*** Opening of Records provided ***
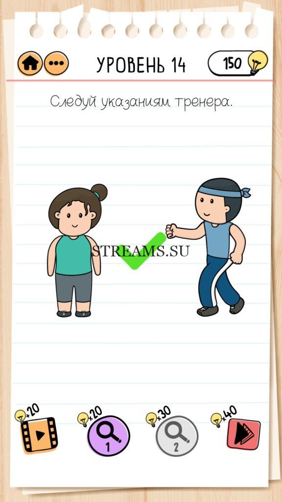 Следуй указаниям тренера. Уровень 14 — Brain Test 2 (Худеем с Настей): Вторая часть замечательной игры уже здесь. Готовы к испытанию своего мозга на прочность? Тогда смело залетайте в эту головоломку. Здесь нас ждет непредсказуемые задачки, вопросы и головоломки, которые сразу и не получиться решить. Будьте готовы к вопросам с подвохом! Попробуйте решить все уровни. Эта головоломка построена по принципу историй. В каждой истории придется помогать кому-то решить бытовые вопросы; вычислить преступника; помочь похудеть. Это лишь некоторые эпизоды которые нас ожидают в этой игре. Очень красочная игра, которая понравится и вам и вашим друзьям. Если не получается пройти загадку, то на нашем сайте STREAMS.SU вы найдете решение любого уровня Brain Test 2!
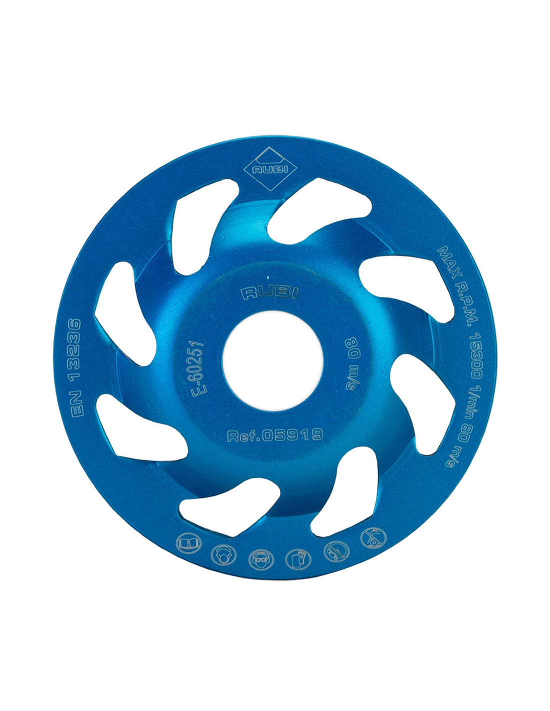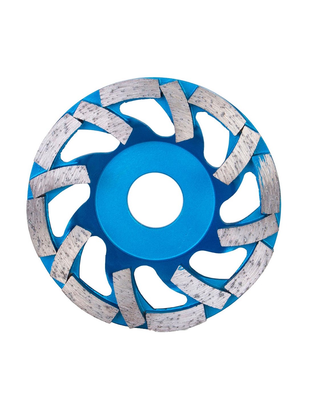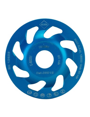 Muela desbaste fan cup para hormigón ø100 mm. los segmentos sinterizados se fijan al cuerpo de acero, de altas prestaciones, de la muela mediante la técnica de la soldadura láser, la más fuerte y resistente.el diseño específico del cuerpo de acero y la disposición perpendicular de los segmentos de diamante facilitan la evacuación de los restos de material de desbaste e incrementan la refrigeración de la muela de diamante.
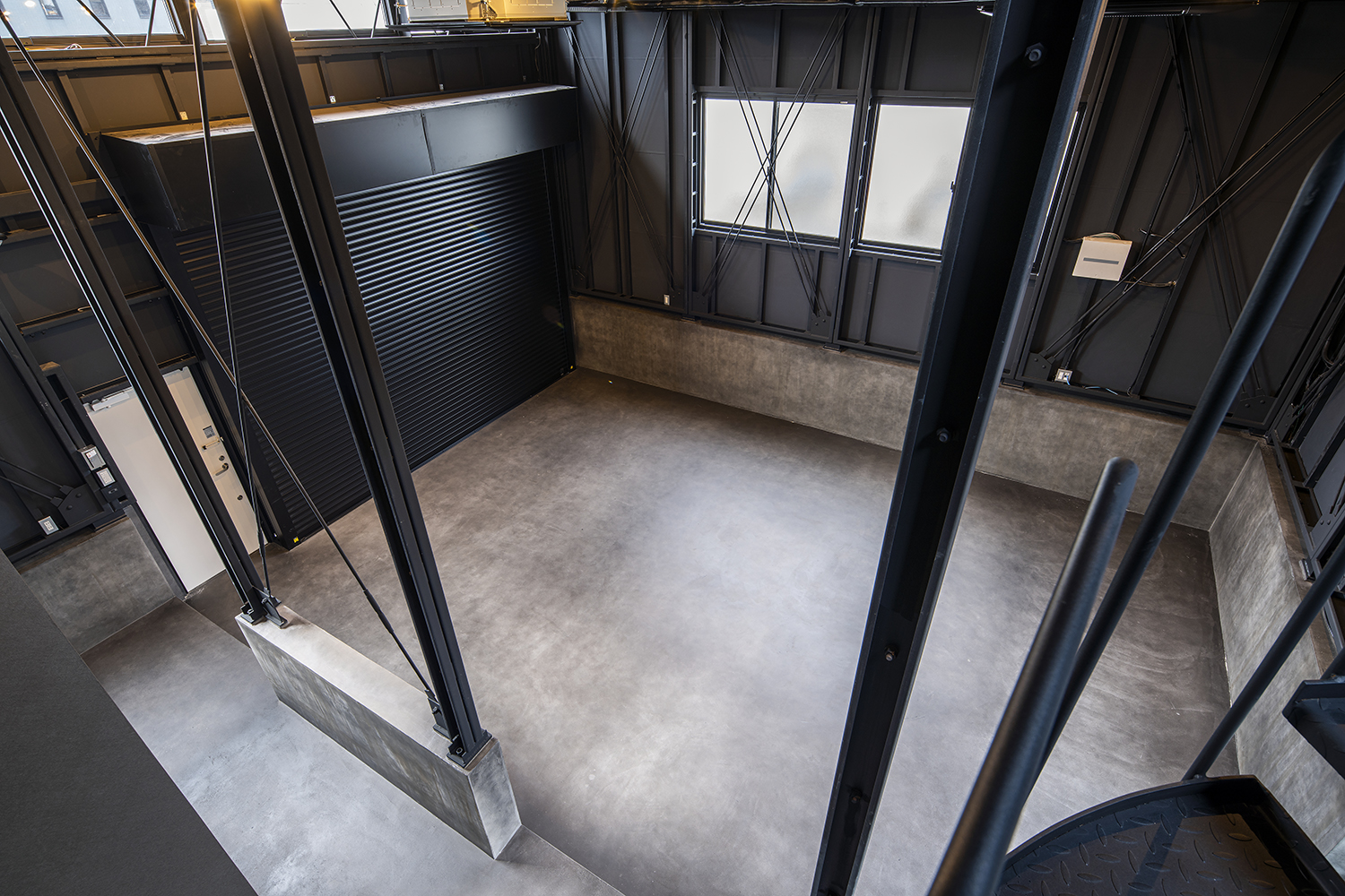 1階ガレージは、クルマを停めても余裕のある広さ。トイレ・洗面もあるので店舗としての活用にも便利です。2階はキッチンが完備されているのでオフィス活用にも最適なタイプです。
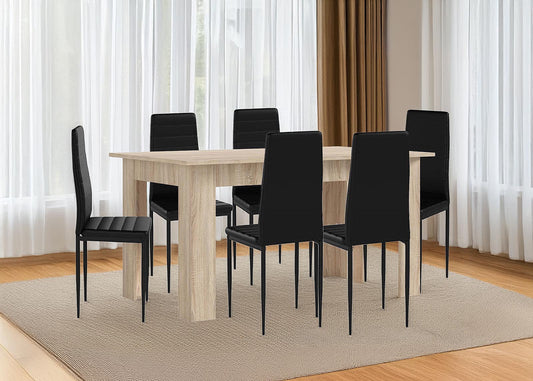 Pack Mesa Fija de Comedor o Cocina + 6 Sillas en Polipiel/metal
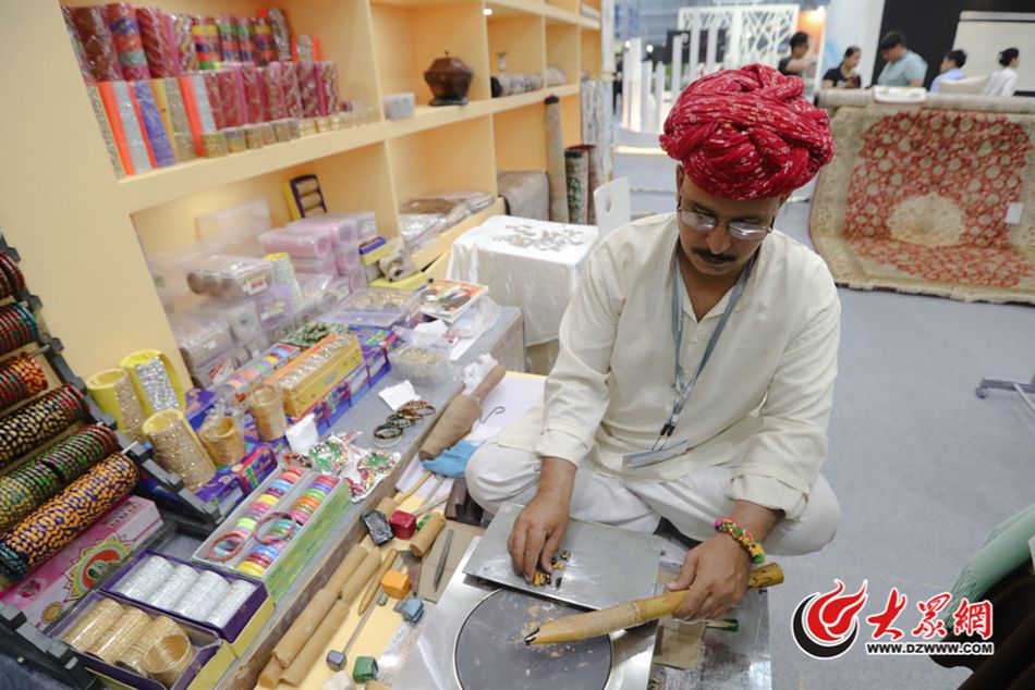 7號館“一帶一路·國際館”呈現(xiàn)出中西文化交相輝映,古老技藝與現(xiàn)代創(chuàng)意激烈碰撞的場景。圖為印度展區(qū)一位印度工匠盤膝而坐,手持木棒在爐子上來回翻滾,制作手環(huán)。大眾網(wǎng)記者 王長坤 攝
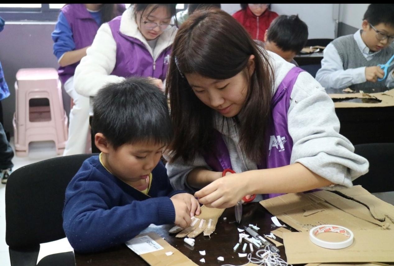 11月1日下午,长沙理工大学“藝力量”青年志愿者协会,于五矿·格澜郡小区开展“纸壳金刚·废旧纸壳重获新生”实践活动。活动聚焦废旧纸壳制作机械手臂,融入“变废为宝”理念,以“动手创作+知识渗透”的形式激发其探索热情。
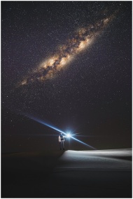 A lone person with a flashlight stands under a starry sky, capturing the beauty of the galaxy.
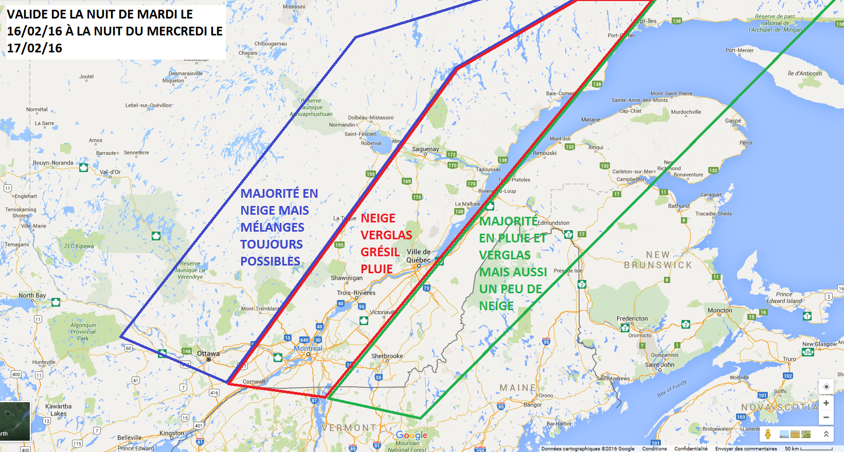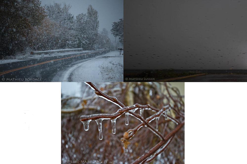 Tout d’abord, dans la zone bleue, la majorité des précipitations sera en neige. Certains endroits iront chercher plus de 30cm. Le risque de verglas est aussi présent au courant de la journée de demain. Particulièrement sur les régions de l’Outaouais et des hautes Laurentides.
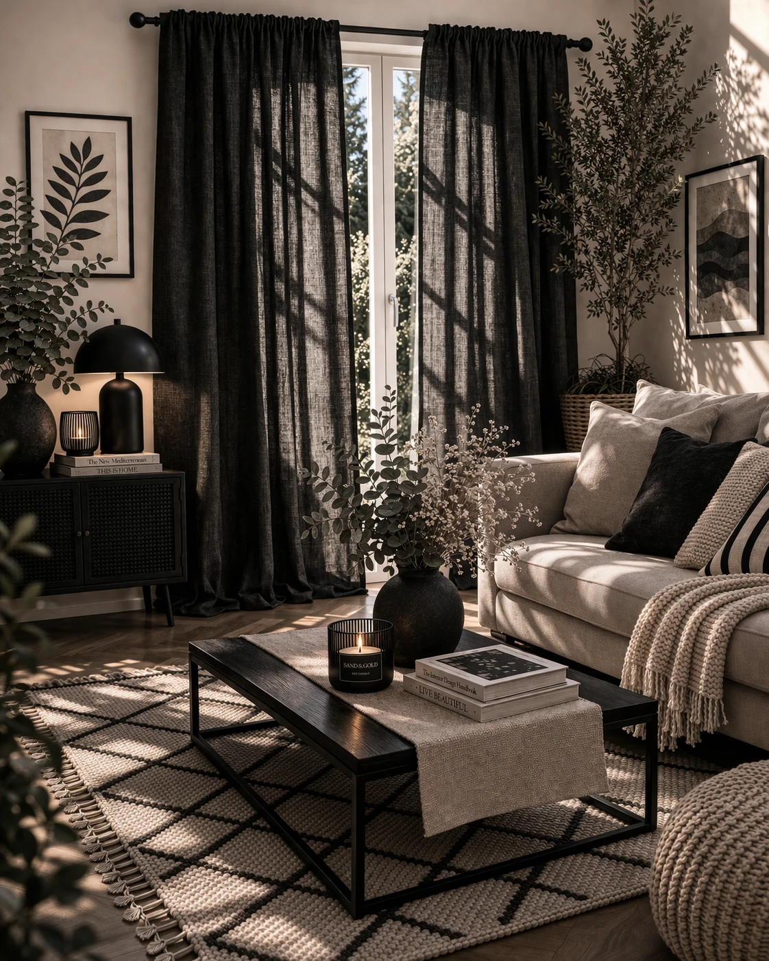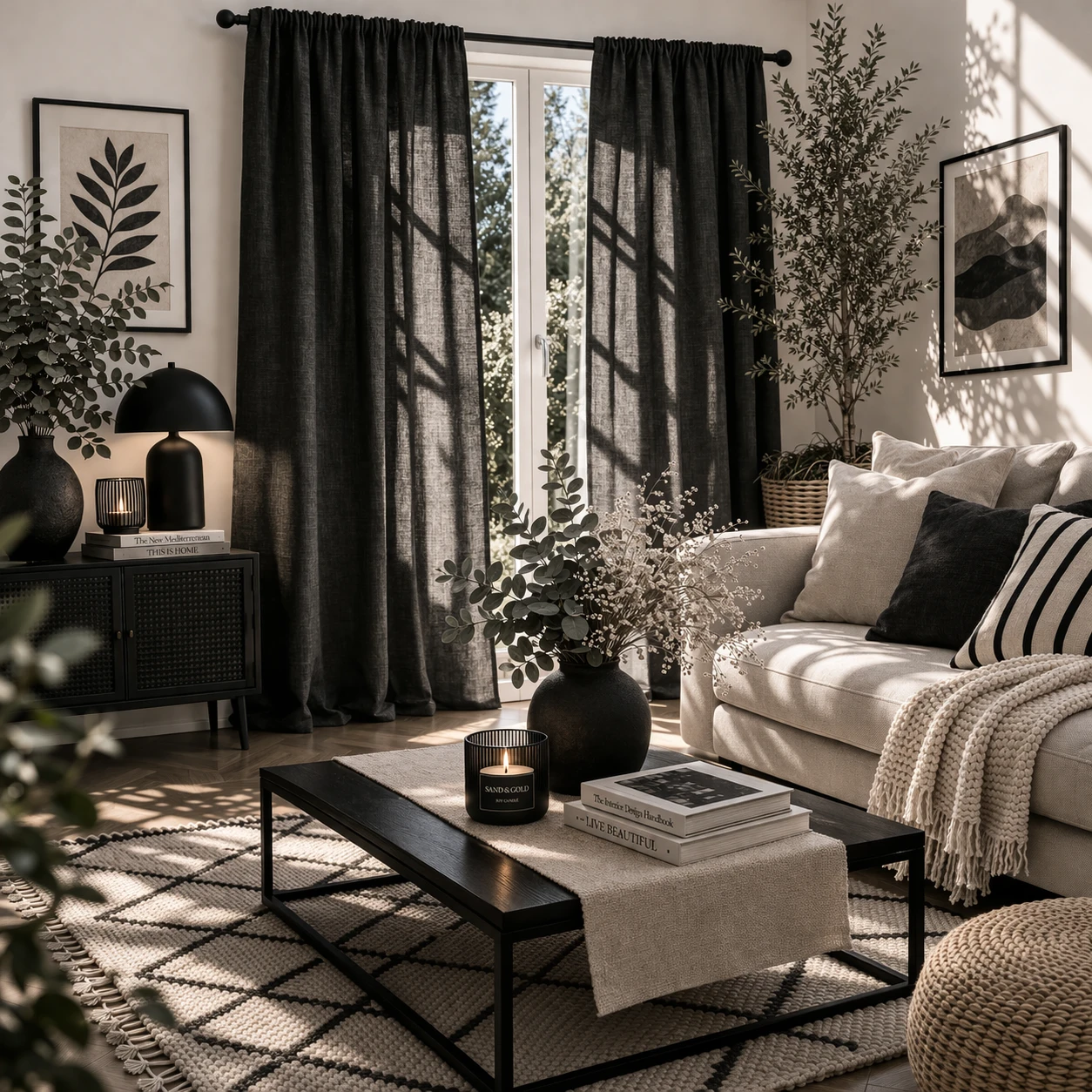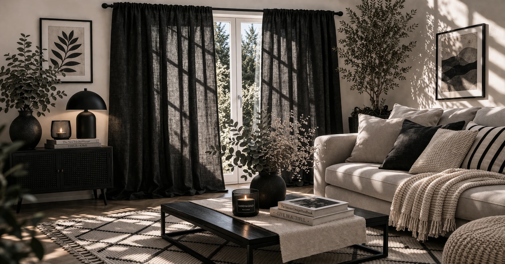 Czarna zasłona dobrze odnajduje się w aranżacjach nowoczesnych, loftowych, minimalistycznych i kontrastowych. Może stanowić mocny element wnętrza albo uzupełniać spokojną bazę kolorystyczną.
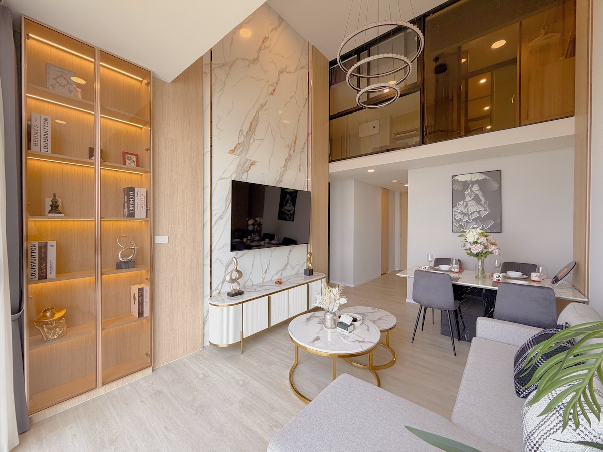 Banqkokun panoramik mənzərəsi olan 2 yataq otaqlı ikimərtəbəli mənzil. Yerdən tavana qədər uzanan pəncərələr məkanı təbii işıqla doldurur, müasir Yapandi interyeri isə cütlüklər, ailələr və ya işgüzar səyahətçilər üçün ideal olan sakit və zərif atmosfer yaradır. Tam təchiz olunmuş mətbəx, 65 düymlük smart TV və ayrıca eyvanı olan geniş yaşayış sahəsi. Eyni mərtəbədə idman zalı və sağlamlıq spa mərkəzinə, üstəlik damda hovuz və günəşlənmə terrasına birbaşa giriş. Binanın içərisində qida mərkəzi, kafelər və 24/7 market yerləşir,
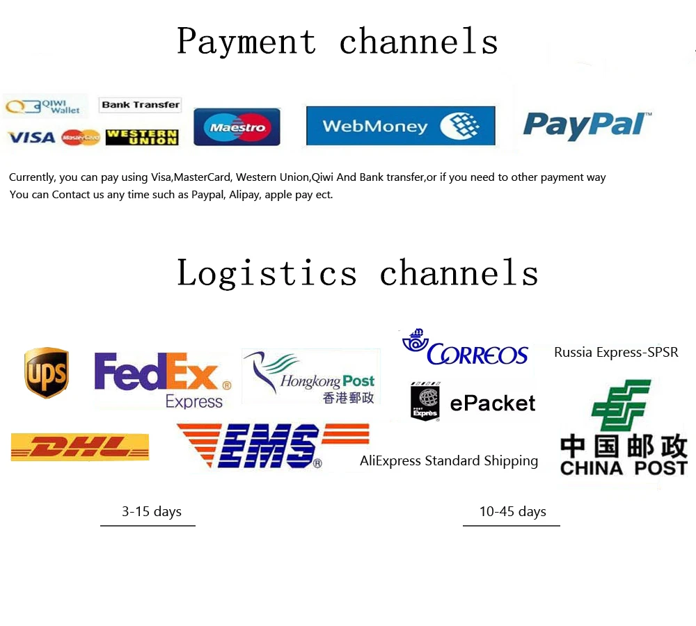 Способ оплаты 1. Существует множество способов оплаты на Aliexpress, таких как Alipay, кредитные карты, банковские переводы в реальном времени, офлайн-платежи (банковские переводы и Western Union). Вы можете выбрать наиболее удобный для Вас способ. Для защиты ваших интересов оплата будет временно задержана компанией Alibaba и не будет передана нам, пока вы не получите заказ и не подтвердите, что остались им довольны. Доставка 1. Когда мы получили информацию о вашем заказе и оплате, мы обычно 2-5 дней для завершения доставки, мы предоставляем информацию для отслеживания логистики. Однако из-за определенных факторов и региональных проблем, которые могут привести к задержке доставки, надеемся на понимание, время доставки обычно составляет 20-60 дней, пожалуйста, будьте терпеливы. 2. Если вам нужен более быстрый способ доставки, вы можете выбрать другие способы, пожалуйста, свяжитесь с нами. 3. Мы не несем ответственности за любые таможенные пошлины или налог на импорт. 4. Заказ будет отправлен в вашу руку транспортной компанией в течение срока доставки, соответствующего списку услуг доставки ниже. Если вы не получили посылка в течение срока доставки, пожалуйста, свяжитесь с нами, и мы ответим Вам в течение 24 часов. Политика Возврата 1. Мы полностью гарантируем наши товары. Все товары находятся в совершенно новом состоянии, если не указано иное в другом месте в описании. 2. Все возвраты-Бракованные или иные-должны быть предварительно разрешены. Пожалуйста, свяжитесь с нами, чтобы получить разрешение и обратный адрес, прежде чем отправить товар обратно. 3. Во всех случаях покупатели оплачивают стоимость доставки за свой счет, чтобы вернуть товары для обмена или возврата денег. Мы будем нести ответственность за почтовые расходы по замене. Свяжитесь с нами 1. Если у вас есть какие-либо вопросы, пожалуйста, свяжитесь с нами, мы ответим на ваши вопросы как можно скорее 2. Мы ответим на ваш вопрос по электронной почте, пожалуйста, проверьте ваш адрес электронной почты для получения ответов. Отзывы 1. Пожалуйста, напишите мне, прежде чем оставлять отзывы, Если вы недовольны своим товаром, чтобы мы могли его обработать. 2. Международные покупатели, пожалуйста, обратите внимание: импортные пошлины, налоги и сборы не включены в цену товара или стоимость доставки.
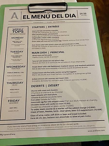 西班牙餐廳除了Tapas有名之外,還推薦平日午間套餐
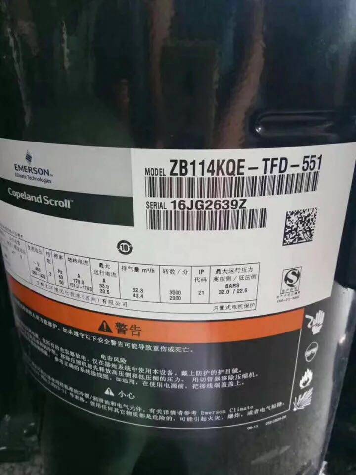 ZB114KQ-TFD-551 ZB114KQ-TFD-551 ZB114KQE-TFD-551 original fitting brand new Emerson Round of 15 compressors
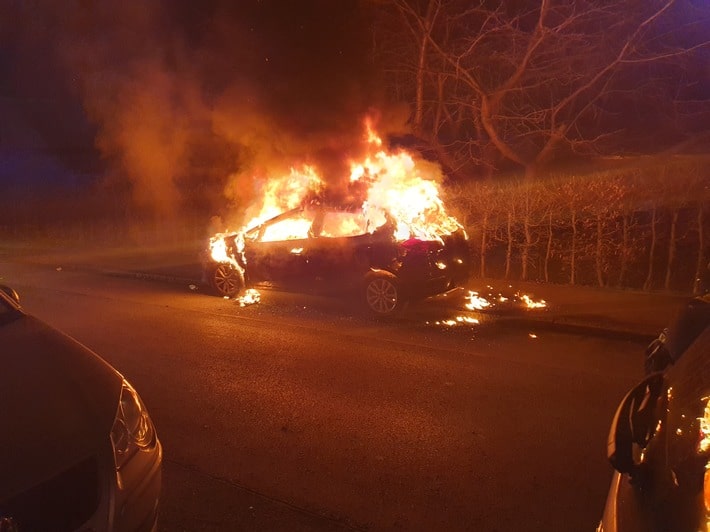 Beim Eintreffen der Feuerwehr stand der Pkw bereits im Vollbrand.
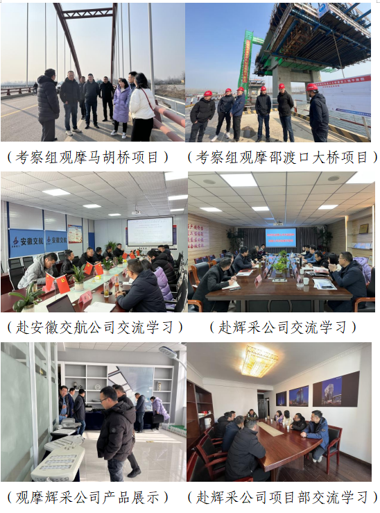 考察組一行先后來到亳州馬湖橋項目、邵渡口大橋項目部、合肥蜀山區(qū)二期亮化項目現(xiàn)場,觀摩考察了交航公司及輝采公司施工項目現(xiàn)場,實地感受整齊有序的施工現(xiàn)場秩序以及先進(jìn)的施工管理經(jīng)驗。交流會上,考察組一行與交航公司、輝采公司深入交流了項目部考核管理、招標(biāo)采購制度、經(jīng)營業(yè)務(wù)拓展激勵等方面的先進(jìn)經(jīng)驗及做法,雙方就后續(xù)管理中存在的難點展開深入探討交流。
*** Close of Records provided ***
[Directions for this task] Repeat only the lines from the one with "西班牙餐廳除了Tapas有名之外,還推薦平日午間套餐" through the end of the data, both included and exactly as written. Pictures stay out of the copy.

[Output of the task]
 西班牙餐廳除了Tapas有名之外,還推薦平日午間套餐
 ZB114KQ-TFD-551 ZB114KQ-TFD-551 ZB114KQE-TFD-551 original fitting brand new Emerson Round of 15 compressors
 Beim Eintreffen der Feuerwehr stand der Pkw bereits im Vollbrand.
 考察組一行先后來到亳州馬湖橋項目、邵渡口大橋項目部、合肥蜀山區(qū)二期亮化項目現(xiàn)場,觀摩考察了交航公司及輝采公司施工項目現(xiàn)場,實地感受整齊有序的施工現(xiàn)場秩序以及先進(jìn)的施工管理經(jīng)驗。交流會上,考察組一行與交航公司、輝采公司深入交流了項目部考核管理、招標(biāo)采購制度、經(jīng)營業(yè)務(wù)拓展激勵等方面的先進(jìn)經(jīng)驗及做法,雙方就后續(xù)管理中存在的難點展開深入探討交流。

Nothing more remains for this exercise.